Initial estimates value company between £2bn and £3bn…

Saga Holdings Limited, which sells its services to the over 50s in the UK, has appointed independent advisers to help explore future ownership options. This may lead to an Initial Public Offering in the second half of 2007.

Saga has appointed Close Brothers, the investment bank, to assist in deliberations. The current owners Charterhouse, the UK private equity group, funded a £1.35bn management buy out of the company in October 2004. At that time, staff received a portion of the sale proceeds as a one off bonus in the form of £1,000 for every year of service.

Saga is a well-established and successful brand in the growing baby boomer market. The company has seen considerable development since 2004. Insurance Times reported in February that Saga was considering a £2bn flotation or sale. According to today's reports in the Financial Times the company could be worth as much as £3bn.

Saga Chief Executive, Andrew Goodsell, said : "Saga has made excellent progress in the period since the management buyout.
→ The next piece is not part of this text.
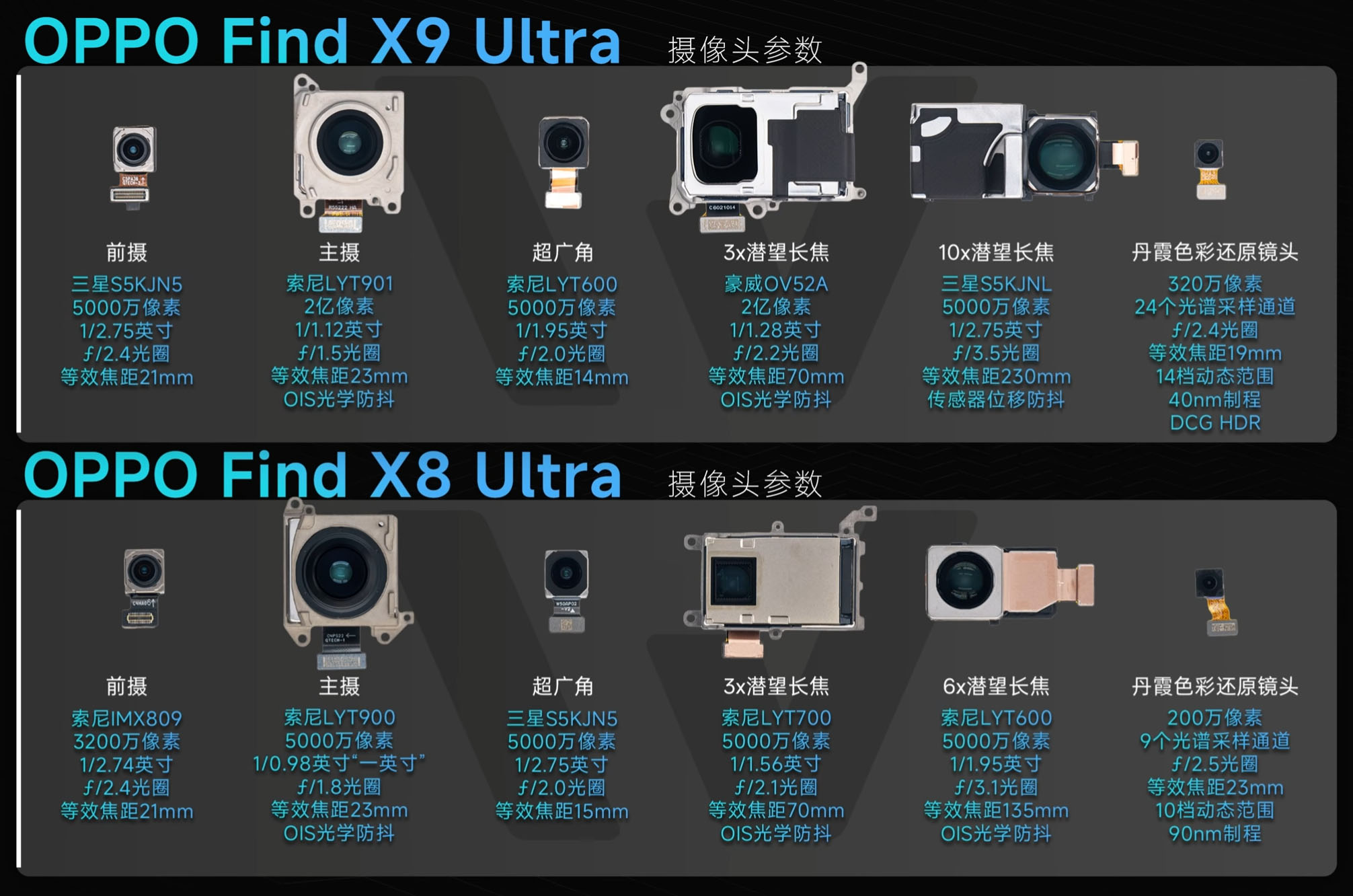 Изучению камер девайса был посвящён предыдущий материал автора, а потому здесь мы ограничимся сводкой характеристик всех модулей камер Find X9 Ultra на изображении, для наглядности прогресса сопоставляемые с набором Find X8 Ultra:

We are well ahead of expectations, and consistently outperforming our business plans. The management team and Charterhouse agree that this is an appropriate time to consider the best future ownership structure to allow the company to maximise its growth potential. There was great interest in an IPO in 2004, though our outgoing shareholder decided not to pursue a float at that time. It is too early in the process to predict the outcome this time, but we will be making further announcements in due course."